(Data entries)
-----
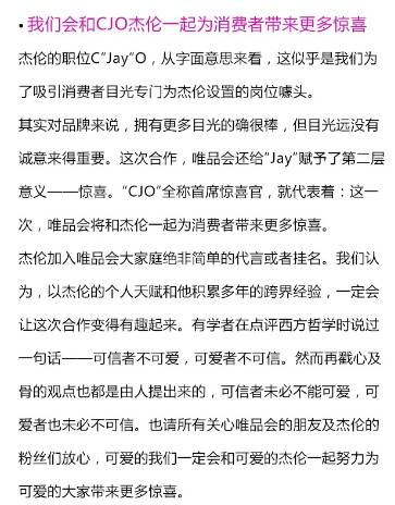 在招聘启事经过4天发酵后,3月13日晚微博八卦博主po出一段有关“周杰伦与唯品会”聊天记录,看似无意间抖出的一张“唯品会首席惊喜官(CJO)周杰伦”的工牌,却又再一次把“唯品会和周杰伦”的关系推进了人们的视野。
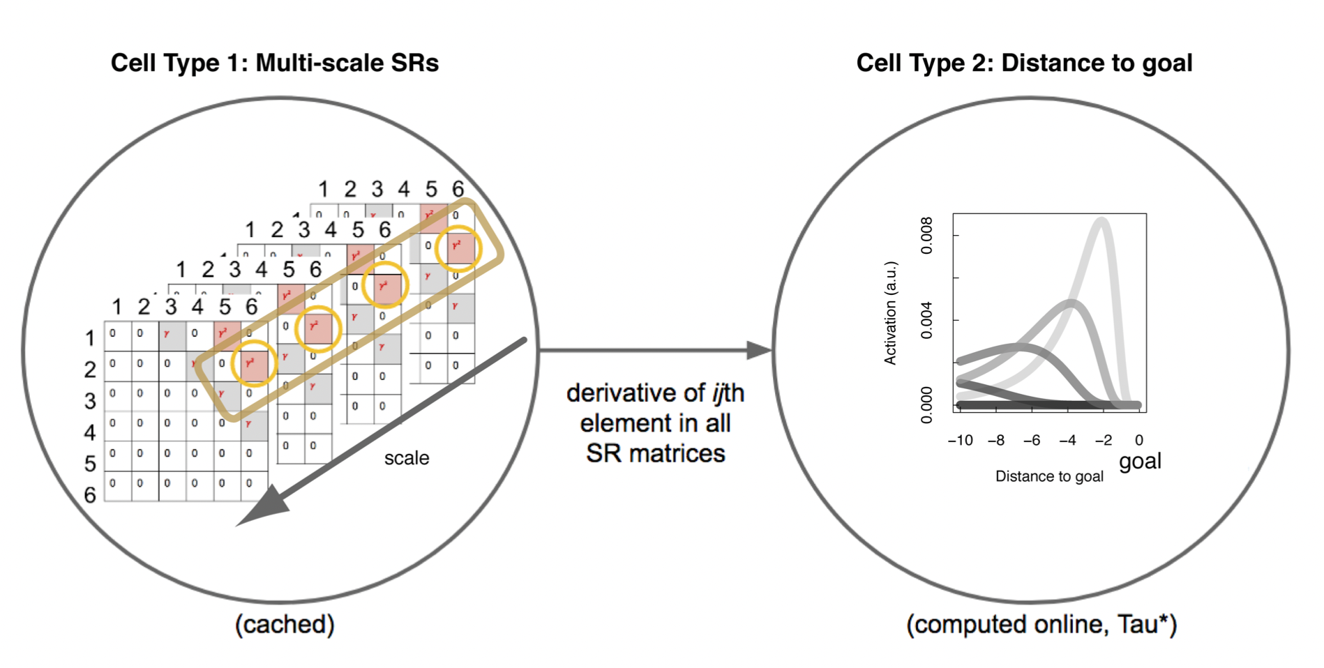 A neurally plausible linear operation, namely the inverse of the Laplace transform, can be used to compute the derivative of multi-scale SR and obtain an estimation of the distance to a goal.
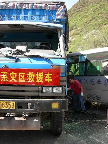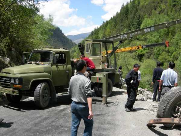 第二起车祸发生在梦笔山下山的路上,一辆满载救灾盐的卡车翻入溪沟,两辆起吊车正缓缓的吊起受灾车辆。好在这起车祸没有造成太大的人员伤亡,救灾司机的壮举让我们感动。两起车祸足足让我们堵了四个多小时,下午三点,我们的救援车终于到达了卓克基。
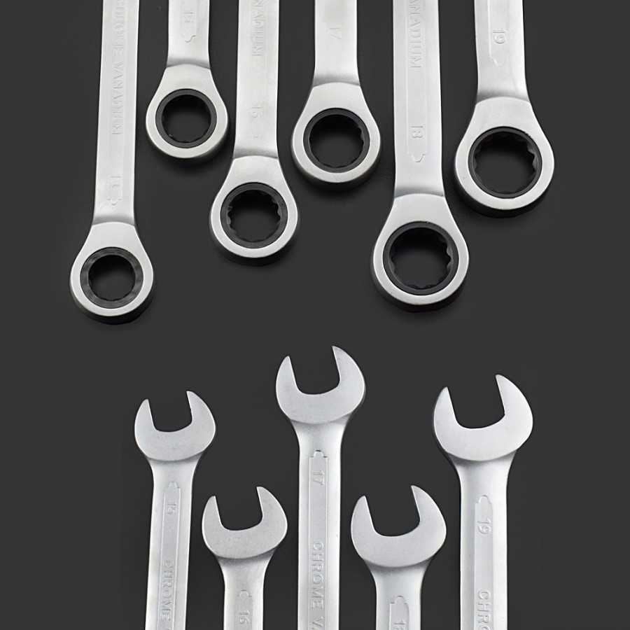 На фото гаечных ключей, идущих в наборах, видно, что комплектация обширная: инструменты разных размеров, насадки и множество аксессуаров, облегчающих работу с крепежными изделиями. Впрочем, для обычного человека подойдет и добротный универсальный агрегат.
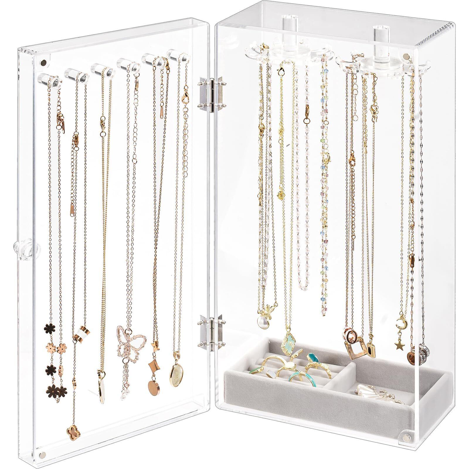 容量:ネックレス24本の収納可能;取り外し可能なベルベットトレイもあり、小さなアクセサリも整理できます。
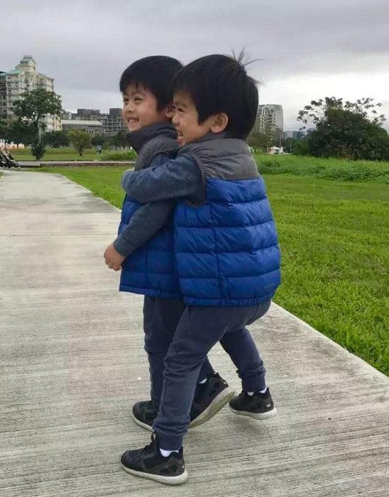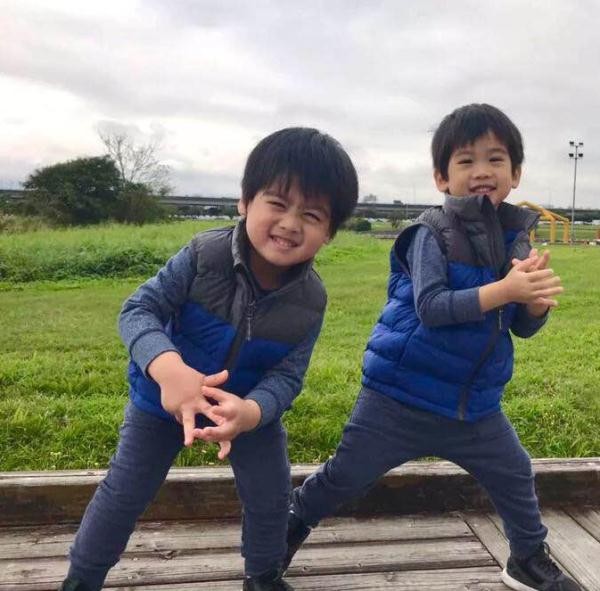 林志颖晒双胞胎儿子萌照,兄弟俩嬉笑打闹抱作一团,画面温馨有爱
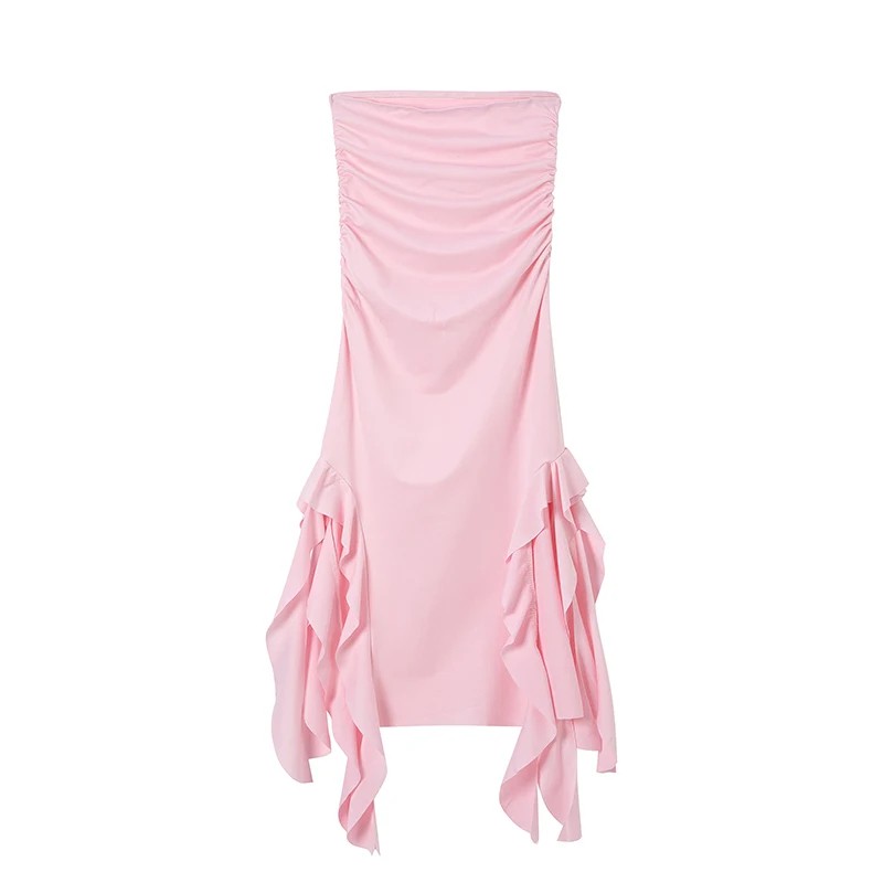 Úvodná strana Úvodná strana Oblečenie a doplnky Dámske Dámske šaty Dámske maxi šaty Dlhé večerné šaty bez ramienok s asymetrickým volánovým lemom a vysokými rázporkami Elegantné priliehavé slávnostné šaty
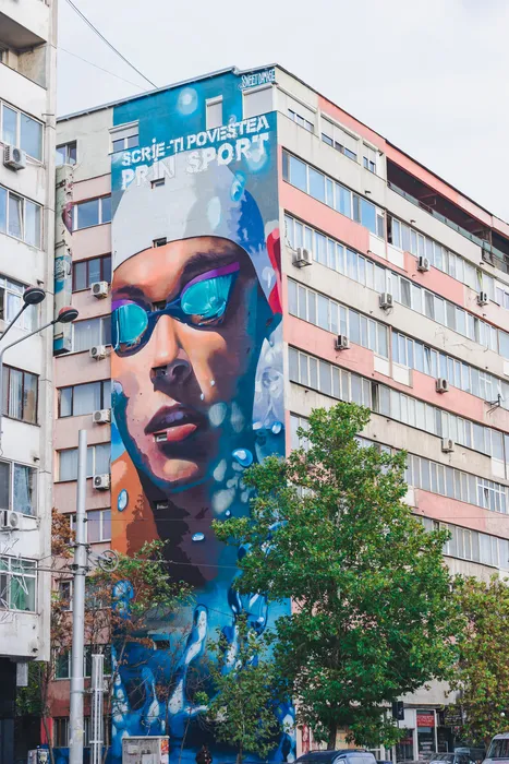 Povestea desenului întins pe 9 etaje de bloc în care apare campionul David Popovici! „A fost de acord și ne-a livrat mesajul care apare pe muralul pictat”. Câte zeci de kilograme de vopsea și cîte sute de spray-uri s-au folosit | GALERIE FOTO
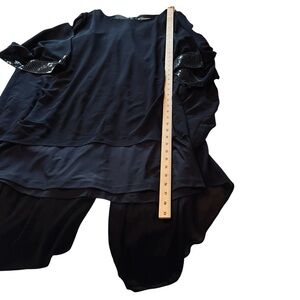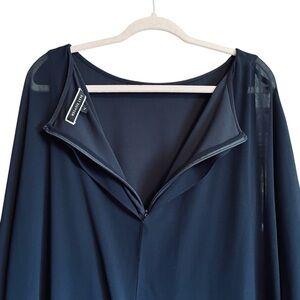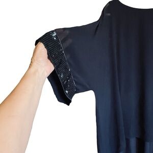 Melanie Lyne Navy Sheath Dress with sheer Overlay/ Sequined cuffs.Size 14 NWOT
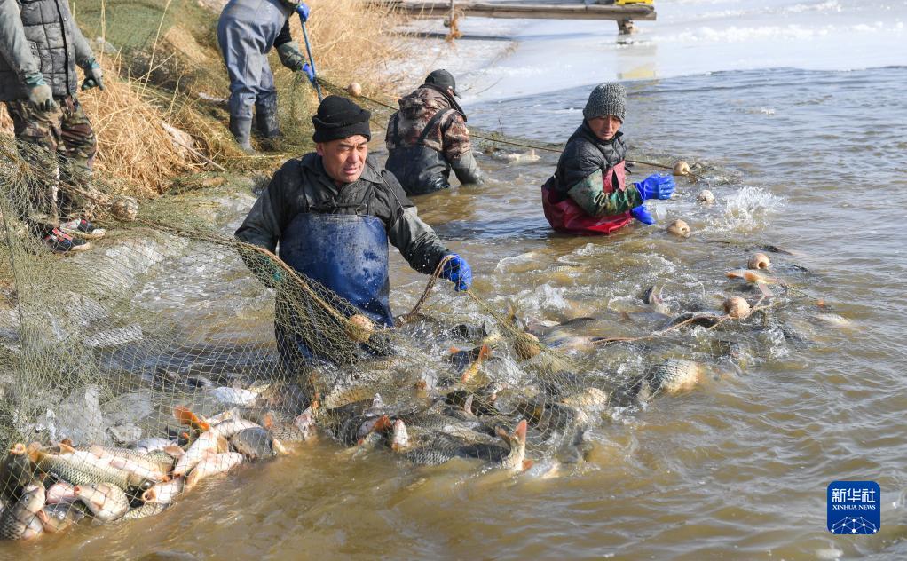 1月5日,達拉特旗樹(shù)林召鎮的村民在魚(yú)塘中捕魚(yú)。
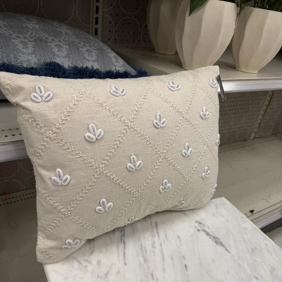 Add coastal charm to your space with this Embellished Shell Cream Lumbar Pillow from Threshold™ designed with Studio McGee. Designed in a rectangular shape, this cream-color decorative pillow features a tonal embroidered diamond pattern and is embellished with white shell clover motifs in the boxes for a standout look. Crafted with a 100% cotton exterior and filled with 100% polyester fiber, it provides ample comfort wherever you place it.
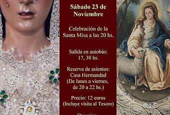 El próximo sábado 23 de noviembre la Hermandad de la Divina Pastora de Cantillana peregrinará, con motivo del Año Jubilar Macareno, a la Basílica de la Esperanza Macarena, donde se celebrará la Santa Misa a las 8 de la tarde. Para ello, la hermandad pone a disposición de los hermanos y devotos, plazas de autobús para asistir a este acto. La reserva de asientos se podrá hacer en la Casa Hermandad, de lunes a viernes de 8 a 10 de la noche, al precio de 12 euros, incluyéndose en el mismo la visita al Tesoro de la Macarena.
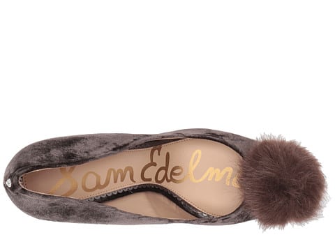 +Poms are IT for fun holiday footwear, and my top picks are either these velvet kitten heels from Aquazzura ($650) or these wallet-friendly Sam Edelmans ($129).
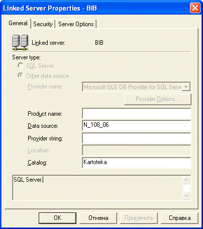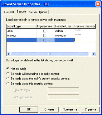 сервере, следует провести настройку связанных серверов. Доступ к данным
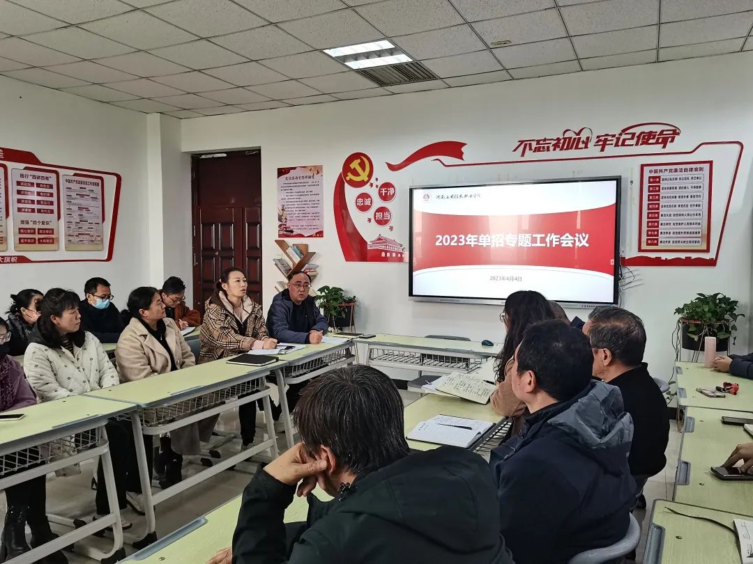 公司成立单招考试工作领导小组,组织召开单招考试筹备会,就考生报考、考务安排、综合协调、后勤保障等工作进行部署和安排。
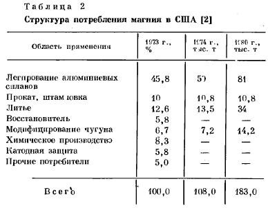 Co времени начала промышленного получения магния на протяжении нескольких десятилетий объем его производства и потребления сильно колебался в зависимости от военной конъюнктуры, поскольку магний имел почти исключительно стратегическое значение. С конца 50-х годов наблюдается сравнительно стабильный рост производства и потребления магния (в последние годы он несколько замедлился в связи с общим экономическим спадом на Западе), […]
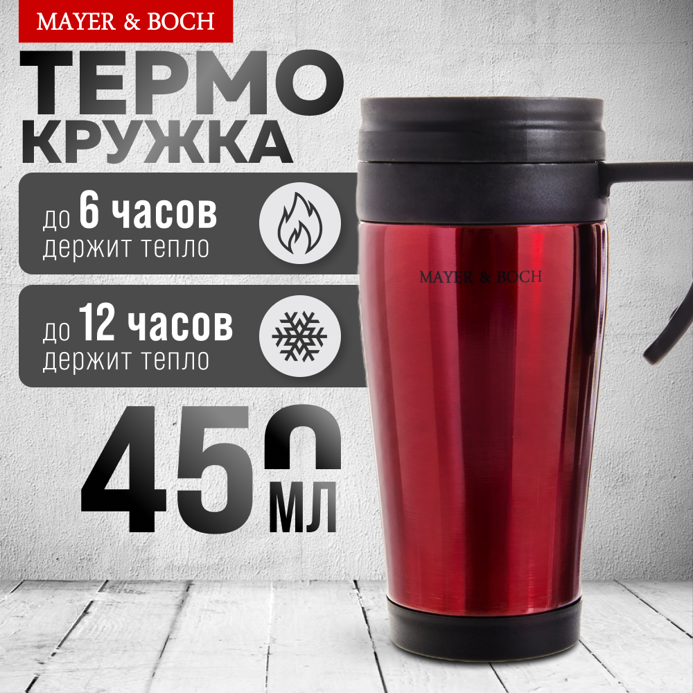 Термокружка крышка MAYER & BOCH 25877, 0.45 л, красный/черный
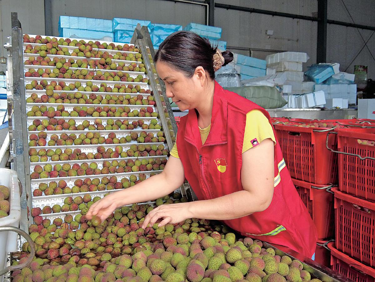 海口邮政派驻工作人员对荔枝进行质量把关。
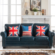 美式真皮沙发 简约欧式客厅复古怀旧实木蓝色油蜡皮三人位沙发
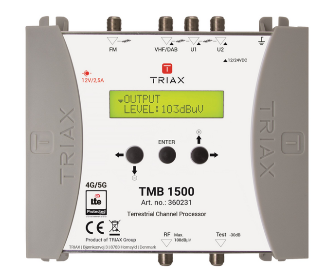Možnost kompenzovat naklonění kabelu snížením výstupní úrovně FM a DAB-VHF ve srovnání s úrovní UHF
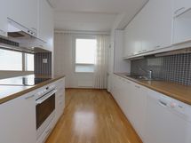 - Keittiön varusteet: Jääkaappipakastin, liesi (Keraaminen liesitaso), erillisuuni ja astianpesukone. Keittiössä hyvin laskutilaa, ruokapöydälle paikka.
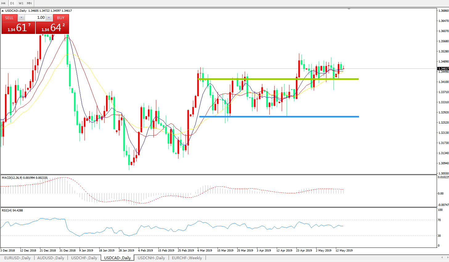美元兑加元USDCAD 日线图:
-----
What the task asks >> All the records need to be retyped word for word, except for the pictures.

Finished task >>
 在招聘启事经过4天发酵后,3月13日晚微博八卦博主po出一段有关“周杰伦与唯品会”聊天记录,看似无意间抖出的一张“唯品会首席惊喜官(CJO)周杰伦”的工牌,却又再一次把“唯品会和周杰伦”的关系推进了人们的视野。
 A neurally plausible linear operation, namely the inverse of the Laplace transform, can be used to compute the derivative of multi-scale SR and obtain an estimation of the distance to a goal.
 第二起车祸发生在梦笔山下山的路上,一辆满载救灾盐的卡车翻入溪沟,两辆起吊车正缓缓的吊起受灾车辆。好在这起车祸没有造成太大的人员伤亡,救灾司机的壮举让我们感动。两起车祸足足让我们堵了四个多小时,下午三点,我们的救援车终于到达了卓克基。
 На фото гаечных ключей, идущих в наборах, видно, что комплектация обширная: инструменты разных размеров, насадки и множество аксессуаров, облегчающих работу с крепежными изделиями. Впрочем, для обычного человека подойдет и добротный универсальный агрегат.
 容量:ネックレス24本の収納可能;取り外し可能なベルベットトレイもあり、小さなアクセサリも整理できます。
 林志颖晒双胞胎儿子萌照,兄弟俩嬉笑打闹抱作一团,画面温馨有爱
 Úvodná strana Úvodná strana Oblečenie a doplnky Dámske Dámske šaty Dámske maxi šaty Dlhé večerné šaty bez ramienok s asymetrickým volánovým lemom a vysokými rázporkami Elegantné priliehavé slávnostné šaty
 Povestea desenului întins pe 9 etaje de bloc în care apare campionul David Popovici! „A fost de acord și ne-a livrat mesajul care apare pe muralul pictat”. Câte zeci de kilograme de vopsea și cîte sute de spray-uri s-au folosit | GALERIE FOTO
 Melanie Lyne Navy Sheath Dress with sheer Overlay/ Sequined cuffs.Size 14 NWOT
 1月5日,達拉特旗樹(shù)林召鎮的村民在魚(yú)塘中捕魚(yú)。
 Add coastal charm to your space with this Embellished Shell Cream Lumbar Pillow from Threshold™ designed with Studio McGee. Designed in a rectangular shape, this cream-color decorative pillow features a tonal embroidered diamond pattern and is embellished with white shell clover motifs in the boxes for a standout look. Crafted with a 100% cotton exterior and filled with 100% polyester fiber, it provides ample comfort wherever you place it.
 El próximo sábado 23 de noviembre la Hermandad de la Divina Pastora de Cantillana peregrinará, con motivo del Año Jubilar Macareno, a la Basílica de la Esperanza Macarena, donde se celebrará la Santa Misa a las 8 de la tarde. Para ello, la hermandad pone a disposición de los hermanos y devotos, plazas de autobús para asistir a este acto. La reserva de asientos se podrá hacer en la Casa Hermandad, de lunes a viernes de 8 a 10 de la noche, al precio de 12 euros, incluyéndose en el mismo la visita al Tesoro de la Macarena.
 +Poms are IT for fun holiday footwear, and my top picks are either these velvet kitten heels from Aquazzura ($650) or these wallet-friendly Sam Edelmans ($129).
 сервере, следует провести настройку связанных серверов. Доступ к данным
 公司成立单招考试工作领导小组,组织召开单招考试筹备会,就考生报考、考务安排、综合协调、后勤保障等工作进行部署和安排。
 Co времени начала промышленного получения магния на протяжении нескольких десятилетий объем его производства и потребления сильно колебался в зависимости от военной конъюнктуры, поскольку магний имел почти исключительно стратегическое значение. С конца 50-х годов наблюдается сравнительно стабильный рост производства и потребления магния (в последние годы он несколько замедлился в связи с общим экономическим спадом на Западе), […]
 Термокружка крышка MAYER & BOCH 25877, 0.45 л, красный/черный
 海口邮政派驻工作人员对荔枝进行质量把关。
 美式真皮沙发 简约欧式客厅复古怀旧实木蓝色油蜡皮三人位沙发
Možnost kompenzovat naklonění kabelu snížením výstupní úrovně FM a DAB-VHF ve srovnání s úrovní UHF
 - Keittiön varusteet: Jääkaappipakastin, liesi (Keraaminen liesitaso), erillisuuni ja astianpesukone. Keittiössä hyvin laskutilaa, ruokapöydälle paikka.
美元兑加元USDCAD 日线图:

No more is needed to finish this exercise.